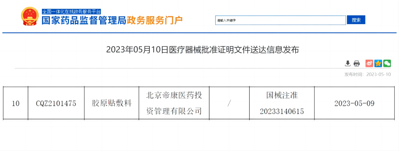 2023年5月9日,奧泰康北京CDMO中心取得「首張」國家藥監(jiān)局批準(zhǔn)的三類醫(yī)療器械注冊證(國械注準(zhǔn)20233140615),系全國首個(gè)以細(xì)胞外基質(zhì)來源的膠原蛋白為原料制備的三類膠原貼敷料。此項(xiàng)目是北京CDMO中心基于“十三五”國家重點(diǎn)研發(fā)計(jì)劃項(xiàng)目,在MAH制度下,與湖北恒安芙林藥業(yè)股份有限公司戰(zhàn)略合作完成涵蓋市場準(zhǔn)入全流程業(yè)務(wù)的醫(yī)美類項(xiàng)目,也是器械CRO/CDMO行業(yè)受托研發(fā)誕生的全國首個(gè)三類醫(yī)療器械注冊證,具有里程碑意義。
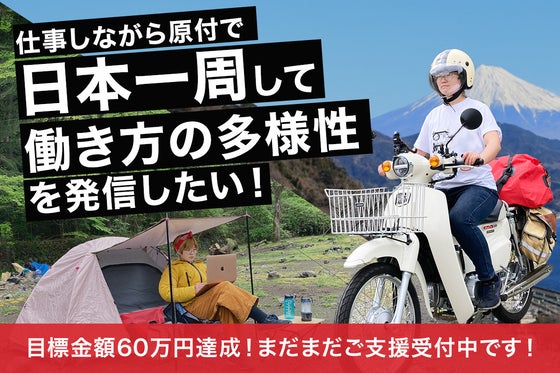 フリーランスデザイナーとして、原付バイク「スーパーカブ」で日本一周して、多くの方に理想の生き方や働き方を追い求める勇気を与えたいです!クラウドファンディングを通...
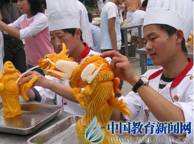 资料图片:职校生在进行烹饪雕刻比赛。
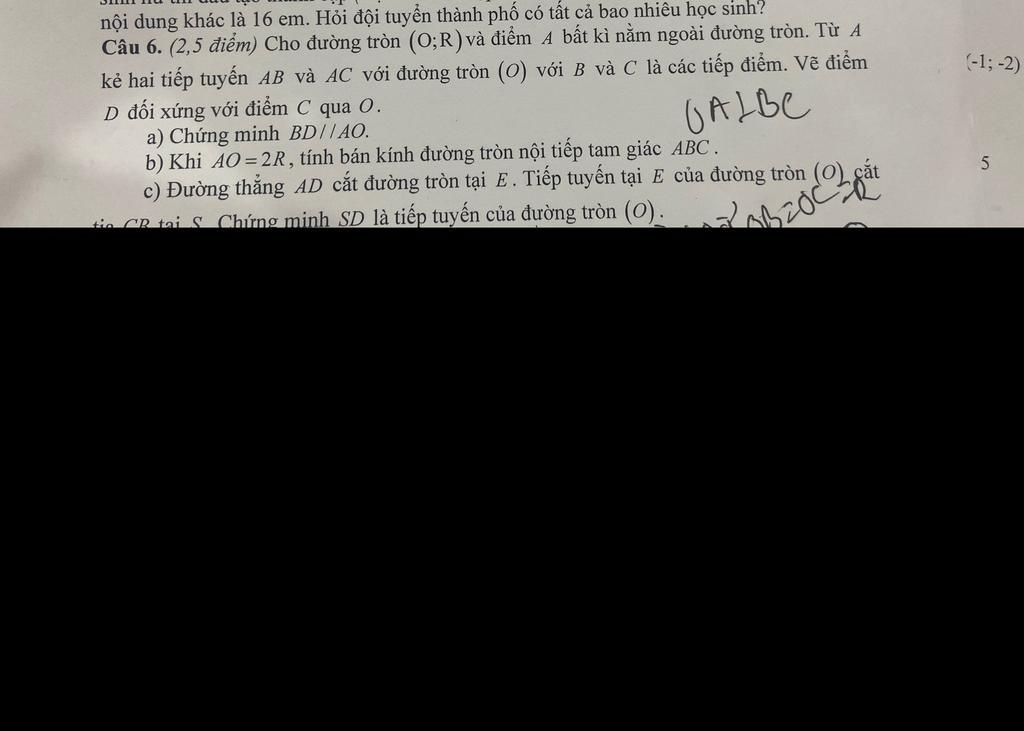 Câu 6. (2,5 điểm) Cho đường tròn (O;R) và điểm 4 bất kì nằm ngoài đường tròn. Từ A
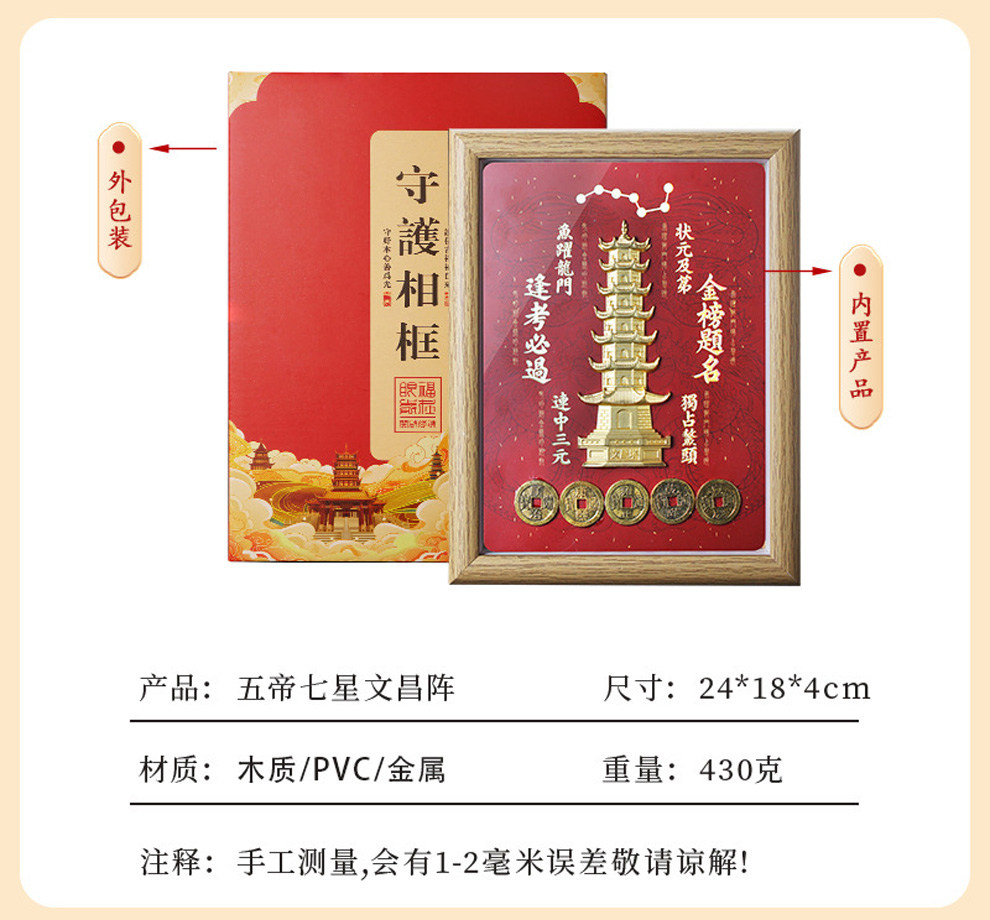 2026丙午马年文昌七星五帝家居装饰★木质相框桌面摆件
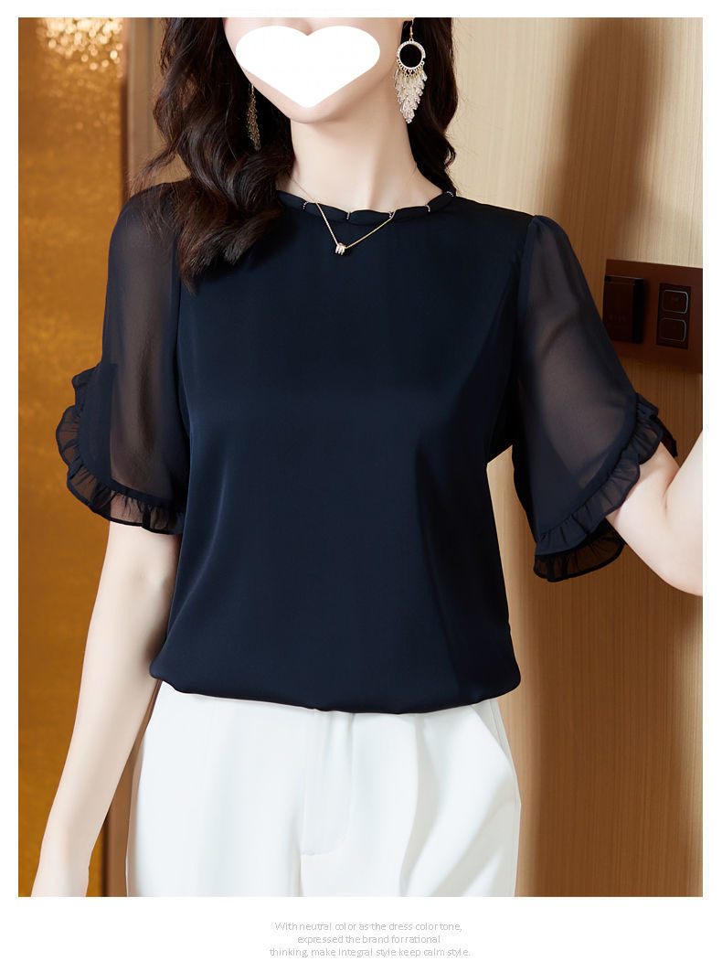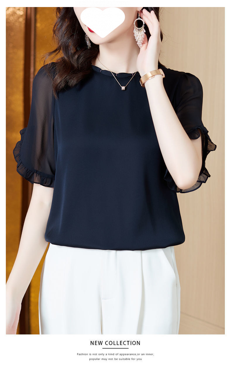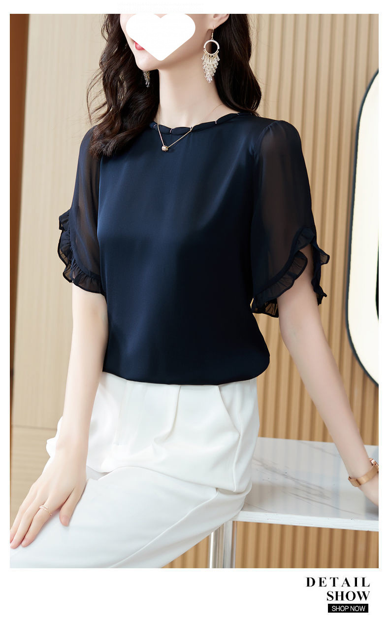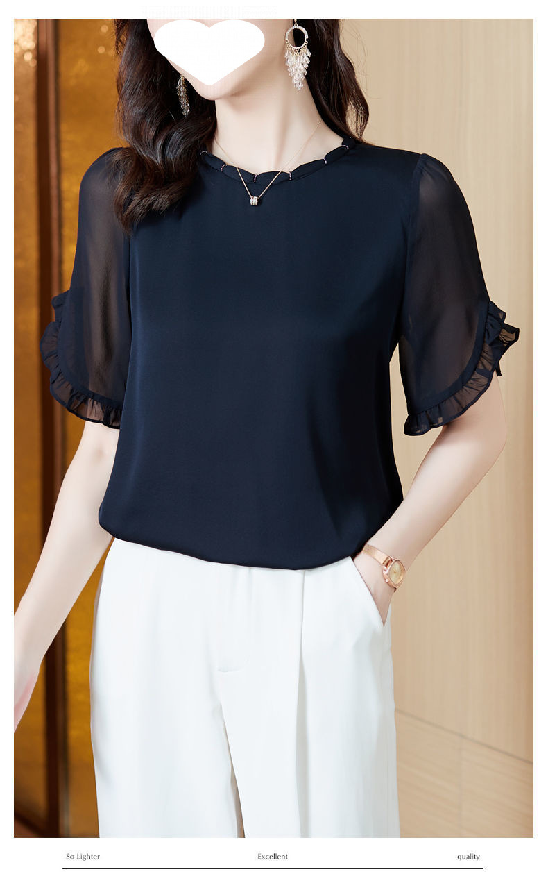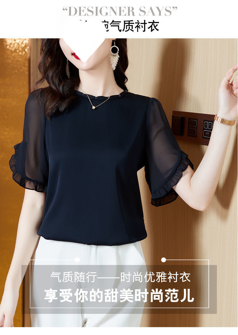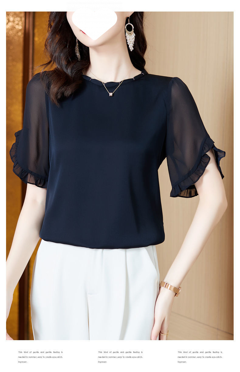 Q7N 쉬폰 셔츠 여성용 2025 여름 신상 패션 반팔 러플 비즈 장식스토어 가기

● **Work item**: Excluding all pictures, output exactly the lines from the line containing "2026丙午马年文昌七星五帝家居装饰★木质相框桌面摆件" through the last line of the entries above.

● **Solved exercise**:
 2026丙午马年文昌七星五帝家居装饰★木质相框桌面摆件
 Q7N 쉬폰 셔츠 여성용 2025 여름 신상 패션 반팔 러플 비즈 장식스토어 가기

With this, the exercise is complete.